(Stored data entries)
↓↓↓

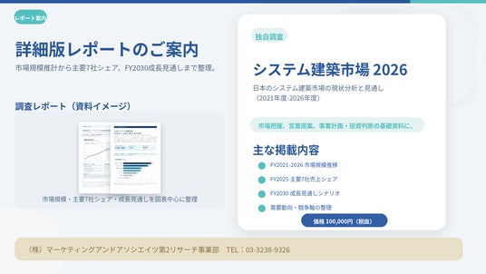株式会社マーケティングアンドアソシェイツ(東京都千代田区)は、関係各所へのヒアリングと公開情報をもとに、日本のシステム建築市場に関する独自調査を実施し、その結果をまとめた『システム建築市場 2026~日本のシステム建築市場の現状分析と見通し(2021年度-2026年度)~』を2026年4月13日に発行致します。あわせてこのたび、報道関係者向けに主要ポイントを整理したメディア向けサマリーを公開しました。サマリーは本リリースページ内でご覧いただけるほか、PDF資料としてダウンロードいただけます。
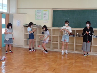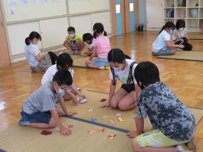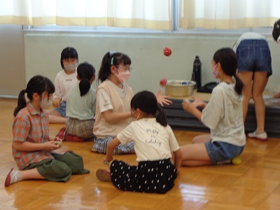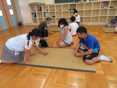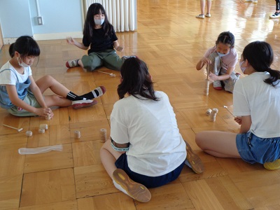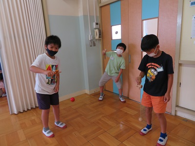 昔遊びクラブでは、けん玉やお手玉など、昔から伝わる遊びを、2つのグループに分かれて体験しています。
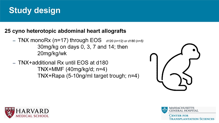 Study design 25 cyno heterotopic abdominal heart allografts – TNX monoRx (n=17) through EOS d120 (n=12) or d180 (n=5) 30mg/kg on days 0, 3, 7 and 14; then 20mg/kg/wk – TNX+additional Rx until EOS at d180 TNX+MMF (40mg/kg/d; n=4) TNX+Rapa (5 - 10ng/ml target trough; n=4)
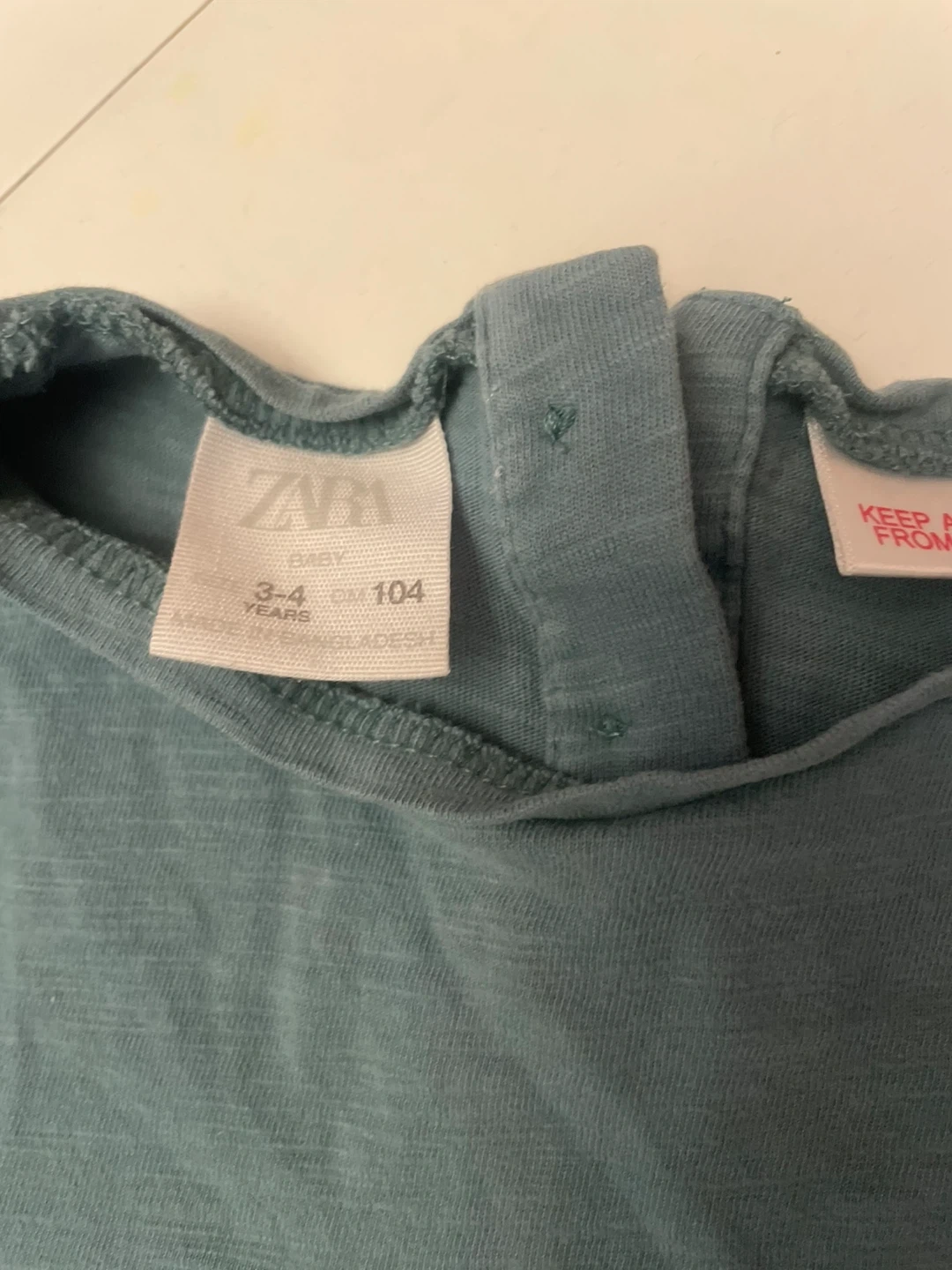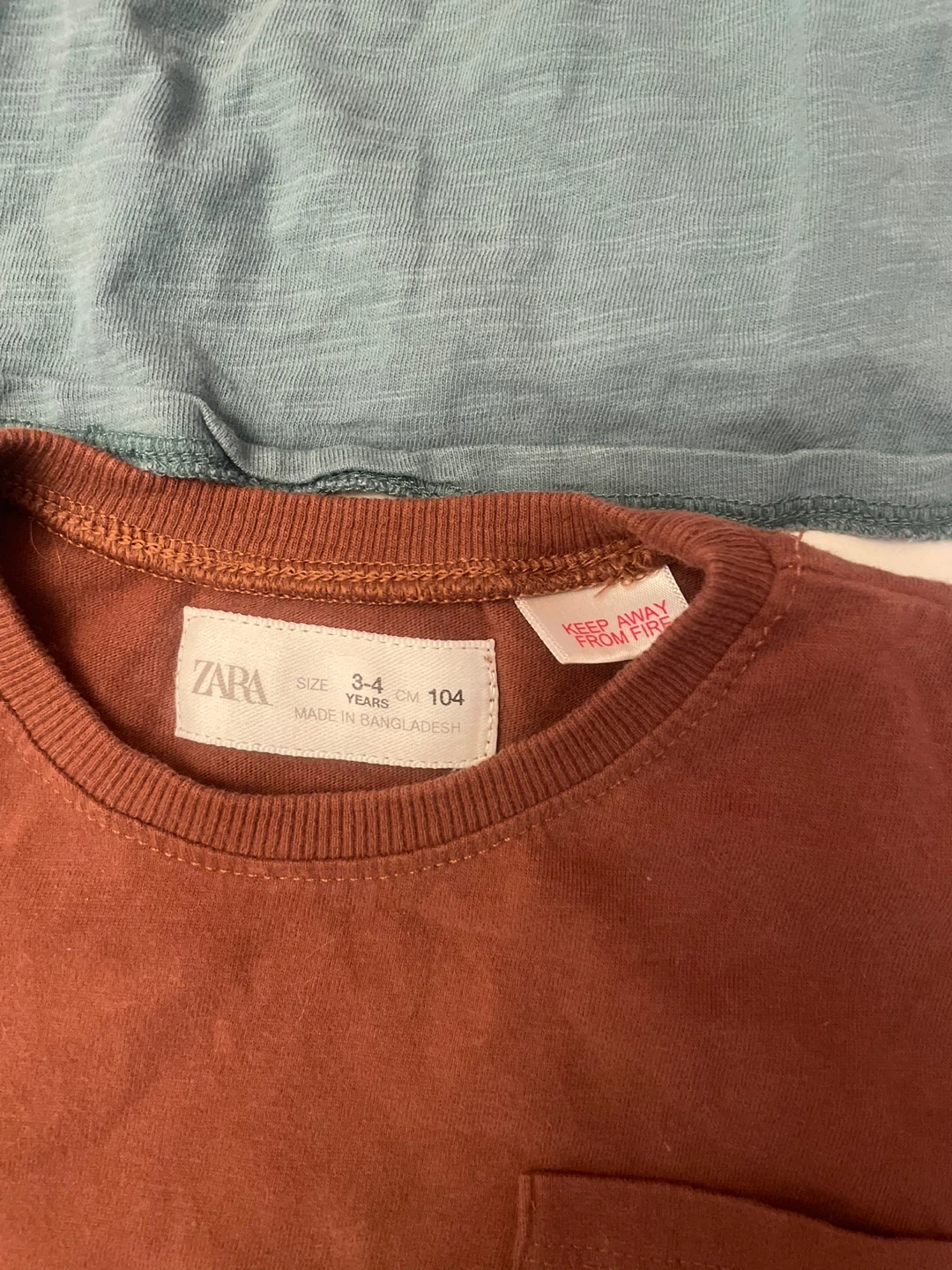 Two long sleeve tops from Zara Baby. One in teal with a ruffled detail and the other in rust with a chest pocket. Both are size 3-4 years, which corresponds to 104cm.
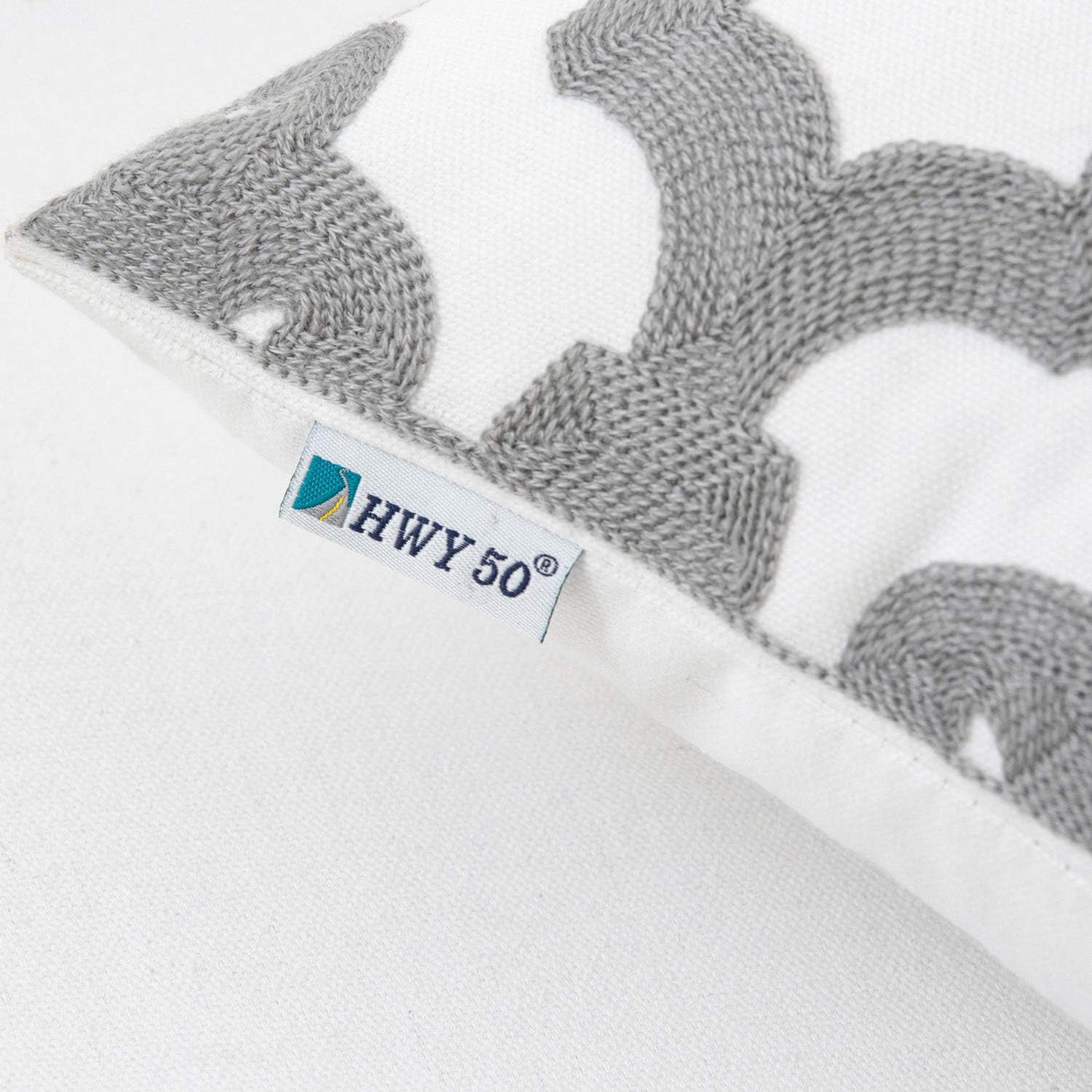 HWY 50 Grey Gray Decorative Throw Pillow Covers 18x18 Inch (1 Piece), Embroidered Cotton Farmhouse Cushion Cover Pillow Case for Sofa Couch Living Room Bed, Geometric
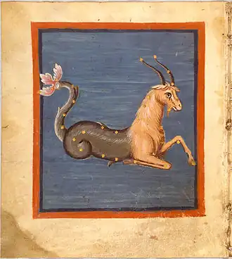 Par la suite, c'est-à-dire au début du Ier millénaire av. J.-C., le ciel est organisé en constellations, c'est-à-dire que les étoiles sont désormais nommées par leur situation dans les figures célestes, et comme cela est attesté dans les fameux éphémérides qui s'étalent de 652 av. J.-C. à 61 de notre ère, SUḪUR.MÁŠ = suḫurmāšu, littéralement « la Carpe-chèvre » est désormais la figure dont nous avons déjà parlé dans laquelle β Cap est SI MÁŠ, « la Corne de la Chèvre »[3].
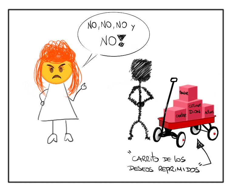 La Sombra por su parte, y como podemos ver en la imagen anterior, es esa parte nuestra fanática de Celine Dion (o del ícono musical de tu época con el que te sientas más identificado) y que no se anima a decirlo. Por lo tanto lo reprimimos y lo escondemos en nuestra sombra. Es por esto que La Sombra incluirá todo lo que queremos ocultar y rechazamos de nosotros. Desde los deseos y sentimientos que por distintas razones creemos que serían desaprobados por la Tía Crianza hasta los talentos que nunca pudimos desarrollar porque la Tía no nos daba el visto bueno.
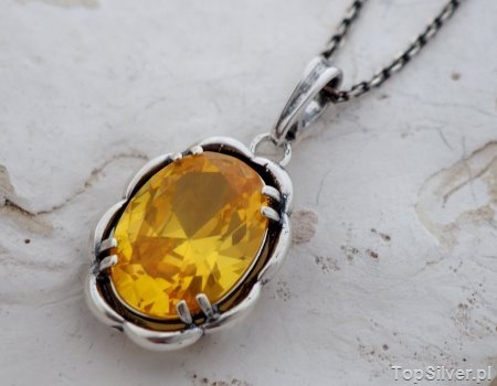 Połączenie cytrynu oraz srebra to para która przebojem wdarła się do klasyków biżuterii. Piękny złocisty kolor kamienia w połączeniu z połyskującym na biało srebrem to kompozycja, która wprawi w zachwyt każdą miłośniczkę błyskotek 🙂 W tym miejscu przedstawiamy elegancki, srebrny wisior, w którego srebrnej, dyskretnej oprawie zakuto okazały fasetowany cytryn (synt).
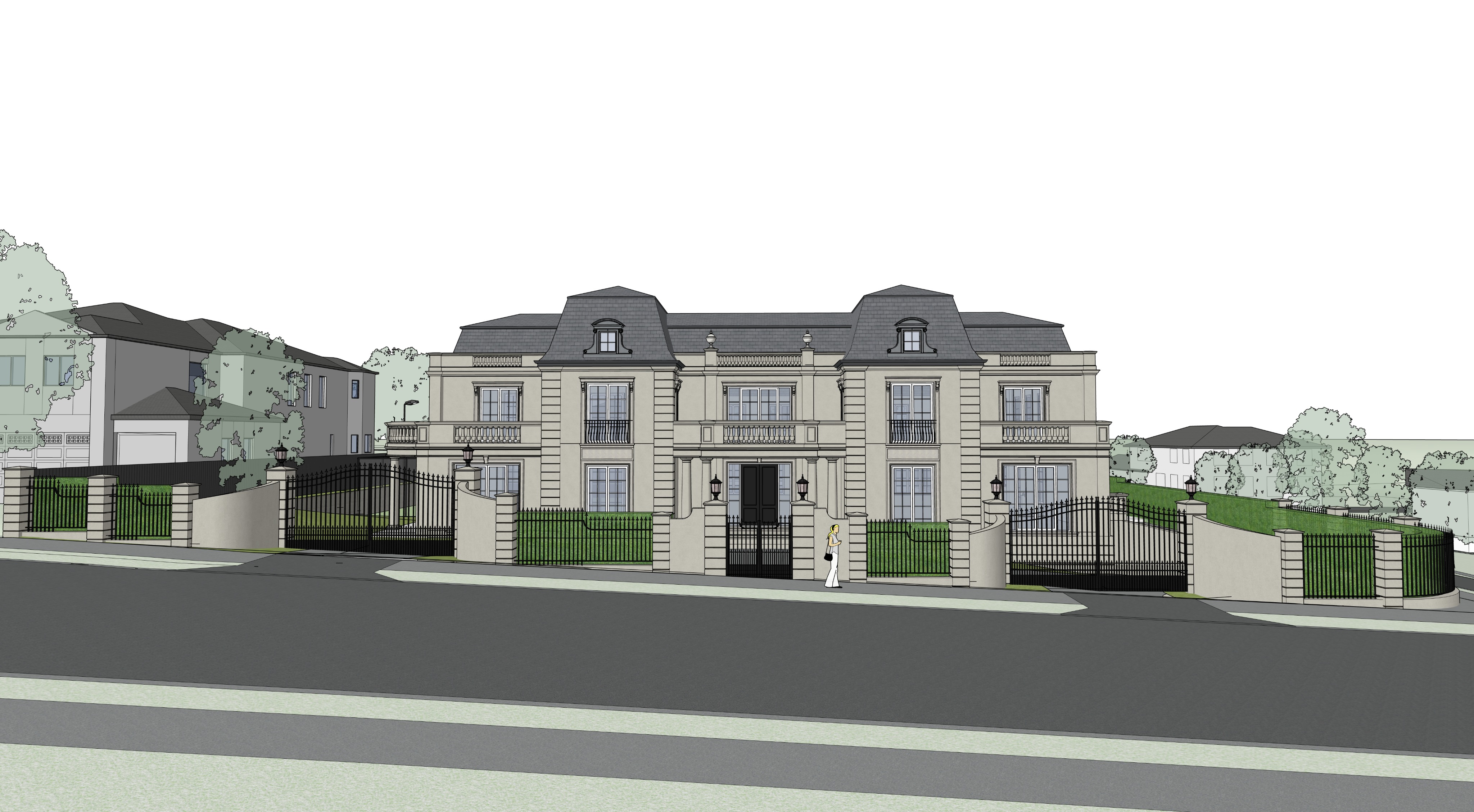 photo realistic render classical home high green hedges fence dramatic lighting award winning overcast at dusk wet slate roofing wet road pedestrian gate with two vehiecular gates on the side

↑↑↑

TASK ITEM: Now transcribe all the entries above exactly, so that no picture is carried over.

EXPECTED OUTPUT:
株式会社マーケティングアンドアソシェイツ(東京都千代田区)は、関係各所へのヒアリングと公開情報をもとに、日本のシステム建築市場に関する独自調査を実施し、その結果をまとめた『システム建築市場 2026~日本のシステム建築市場の現状分析と見通し(2021年度-2026年度)~』を2026年4月13日に発行致します。あわせてこのたび、報道関係者向けに主要ポイントを整理したメディア向けサマリーを公開しました。サマリーは本リリースページ内でご覧いただけるほか、PDF資料としてダウンロードいただけます。
 昔遊びクラブでは、けん玉やお手玉など、昔から伝わる遊びを、2つのグループに分かれて体験しています。
 Study design 25 cyno heterotopic abdominal heart allografts – TNX monoRx (n=17) through EOS d120 (n=12) or d180 (n=5) 30mg/kg on days 0, 3, 7 and 14; then 20mg/kg/wk – TNX+additional Rx until EOS at d180 TNX+MMF (40mg/kg/d; n=4) TNX+Rapa (5 - 10ng/ml target trough; n=4)
 Two long sleeve tops from Zara Baby. One in teal with a ruffled detail and the other in rust with a chest pocket. Both are size 3-4 years, which corresponds to 104cm.
 HWY 50 Grey Gray Decorative Throw Pillow Covers 18x18 Inch (1 Piece), Embroidered Cotton Farmhouse Cushion Cover Pillow Case for Sofa Couch Living Room Bed, Geometric
 Par la suite, c'est-à-dire au début du Ier millénaire av. J.-C., le ciel est organisé en constellations, c'est-à-dire que les étoiles sont désormais nommées par leur situation dans les figures célestes, et comme cela est attesté dans les fameux éphémérides qui s'étalent de 652 av. J.-C. à 61 de notre ère, SUḪUR.MÁŠ = suḫurmāšu, littéralement « la Carpe-chèvre » est désormais la figure dont nous avons déjà parlé dans laquelle β Cap est SI MÁŠ, « la Corne de la Chèvre »[3].
 La Sombra por su parte, y como podemos ver en la imagen anterior, es esa parte nuestra fanática de Celine Dion (o del ícono musical de tu época con el que te sientas más identificado) y que no se anima a decirlo. Por lo tanto lo reprimimos y lo escondemos en nuestra sombra. Es por esto que La Sombra incluirá todo lo que queremos ocultar y rechazamos de nosotros. Desde los deseos y sentimientos que por distintas razones creemos que serían desaprobados por la Tía Crianza hasta los talentos que nunca pudimos desarrollar porque la Tía no nos daba el visto bueno.
 Połączenie cytrynu oraz srebra to para która przebojem wdarła się do klasyków biżuterii. Piękny złocisty kolor kamienia w połączeniu z połyskującym na biało srebrem to kompozycja, która wprawi w zachwyt każdą miłośniczkę błyskotek 🙂 W tym miejscu przedstawiamy elegancki, srebrny wisior, w którego srebrnej, dyskretnej oprawie zakuto okazały fasetowany cytryn (synt).
 photo realistic render classical home high green hedges fence dramatic lighting award winning overcast at dusk wet slate roofing wet road pedestrian gate with two vehiecular gates on the side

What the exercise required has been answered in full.